Агеев лениво поднялся, с усмешкой глянул на помначкара, затем поправил на себе форму, стряхнул с лычек на погонах землю и громогласно, но спокойно провозгласил:

— Давайте в строй, хлопцы! Вы чё, на курорт собрались? Быстро к машине!

— Да ладно тебе, Витек. Чего так орать-то? — залепетал Андрюха Шурович, протирая сонные глаза. — Не кипешуй, сейчас построимся.

Мы стали вяло выбираться из-под спасительной кроны. Когда, волоча автоматы и шинели, прошли мимо Провина, тот с тихой яростью посмотрел нам вслед.
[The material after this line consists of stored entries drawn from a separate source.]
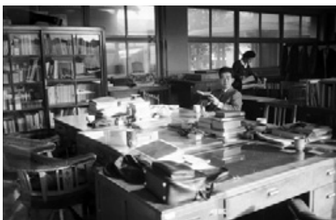
写真6 事務室を理科教育センターに移転
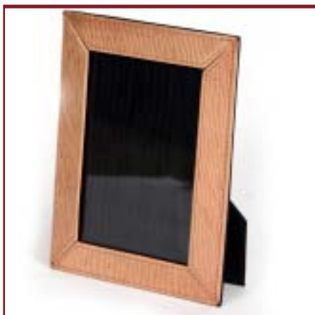
Portarretratos de cuero. Medida 9 x 13 cm.
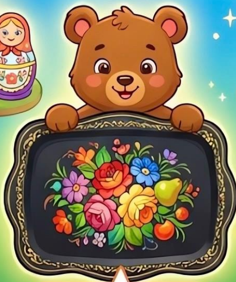
Жостовская роспись (цветы, поднос)

Провина у нас, мягко говоря, не любили. И не без причины. Едва он попал к нам в часть, сразу же стал на особое положение благодаря довольно гаденькому таланту втираться в доверие к нужным людям. Не прошло и месяца, как он стал едва ли не личным ординарцем нашего командира батальона. При этом со своими сослуживцами Женя Провин с самого призыва принципиально дружбу не водил, считая это ниже своего достоинства. От старослужащих ловко прикрылся авторитетом комбата. На счастье Провина, служить он попал в часть мирную и дружную, неуставные отношения у нас случались крайне редко. Хотя однажды любитель помахать кулаками Эдик Драпко не сдержался и намял ему бока. Женя в долгу не остался: тут же поведал о случившемся своему покровителю. Драпко отправился в ссылку на кичу и заодно получил предупреждение от комбата:

— Если подобное повторится, я лично прослежу, чтобы вас перевели в другое воинское подразделение! Мне тут нарушители порядка не нужны!

Желание остаться в нашем дружном коллективе для Эдика оказалось сильнее, чем потребность научить нахала хорошим манерам. Тем более особого вреда Провин не причинял, кроме того, что задирал нос. И Женю окончательно оставили в покое. А вскоре произошло неожиданное: у комбата представилась возможность продвинуть по службе своего протеже. Как-то раз наш тогдашний заместитель командира взвода уже упомянутый Витя Агеев неудачно сходил в самоволку: мало того что попался пьяным, так еще и чуть не набил морду дежурному по части офицеру. Расправа последовала тут же — Агеева сместили с должности и разжаловали из сержантов в младшие. Мы были уверены, что на вакантное место назначат кого-нибудь из командиров отделений, и весьма удивились, когда узнали новость — новым замкомвзвода станет Провин. А ведь тот не был не то что сержантом, даже ефрейтором! После назначения Женя тут же возомнил о себе, а затем в рекордные сроки совершил несколько карьерных скачков, за полгода из рядовых превратившись в старшего сержанта, и уже лелеял в своей прикроватной тумбочке погоны старшины. Впрочем, это назначение авторитета ему не прибавило, скорее наоборот: Провина тихо ненавидел весь взвод, а негласным «батяней» для нас все равно остался Агеев.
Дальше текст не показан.